Now you can interactively write your R code that manipulates the InputDataSet dataframe until you are happy with it. Remember that you can always just select the R code that you run interactively in the editor and send it to the R Interactive window by pressing CTRL+ENTER.

StoredProcedure.Template.sql is the file that contains the template for generating your SQL Stored Procedure. The _RCODE_ placeholder will be replaced by the contents of the StoredProcedure.R file. The _INPUT_QUERY_ placeholder will be replaced by the contents of the StoredProcedure.Query.sql file. Finally, you will need to describe the schema of the result set that is returned from the Stored Procedure by editing the WITH RESULT SETS clause. Here you will need to identify the columns from the OutputDataSet dataframe that you want to return to the caller of the stored procedure.

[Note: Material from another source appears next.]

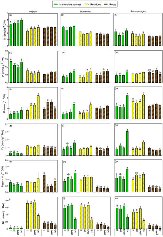 Nitrogen, P, K, Ca, Mg, and Na concentrations in ice plant (a–f), romeritos (g–l), and sea asparagus (m–r) cultivated under four different treatment conditions (C: untreated HSW as a control; pH: HSW with pH adjustment to 5.5; pH+S: HSW with pH adjustment to 5.5 and nutrient supplementation; NS: standard nutrient solution). Bars labeled with different lowercase letters (a, b, c) indicate significant differences among treatments (C, pH, pH+S, and NS) based on Tukey’s honestly significant difference (HSD) test (p < 0.05). The values represent mean + s.e. (n = 4).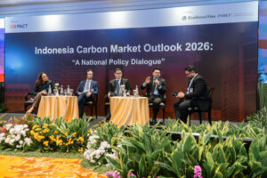 Key stakeholders from the Government of Indonesia, the private sector, and project developers from the carbon markets ecosystem gathered today at the Hotel Borobudur Jakarta for the Indonesia’s Carbon Market 2026: A National Policy Dialogue. The dialogue marks an important milestone in aligning a shared understanding of the implementation of Indonesia’s carbon economic value (NEK), as the country transitions from policy formulation towards market operationalisation. This event was convened by UK Partnering for Accelerated Climate Transitions (UK PACT), implemented by EcoSecurities and the Institute for Development of Economics and Finance (INDEF).

For example, if you had a query that looked like this:

Sample SQL Query

You will use the following WITH RESULT SETS clause to specify the data types of the return values:

Template File With Result Sets Clause

Finally, when you are ready to publish your completed stored procedure to SQL Server, you can run the Data > Publish With Options command from the R Tools menu. Here, you will specify that you want to publish to the database, and RTVS will build and publish your new stored procedure to SQL Server:

Publish Stored Procedure

If you have the SQL Server Object Explorer open in Visual Studio, you will see your published stored procedure in the Programmability / Stored Procedures folder of your database:

SQL Object Explorer showing new stored procedure

You can even directly execute it from the Object Explorer by right-clicking on it and running the Execute Procedure command, or by calling it interactively from a .sql query window.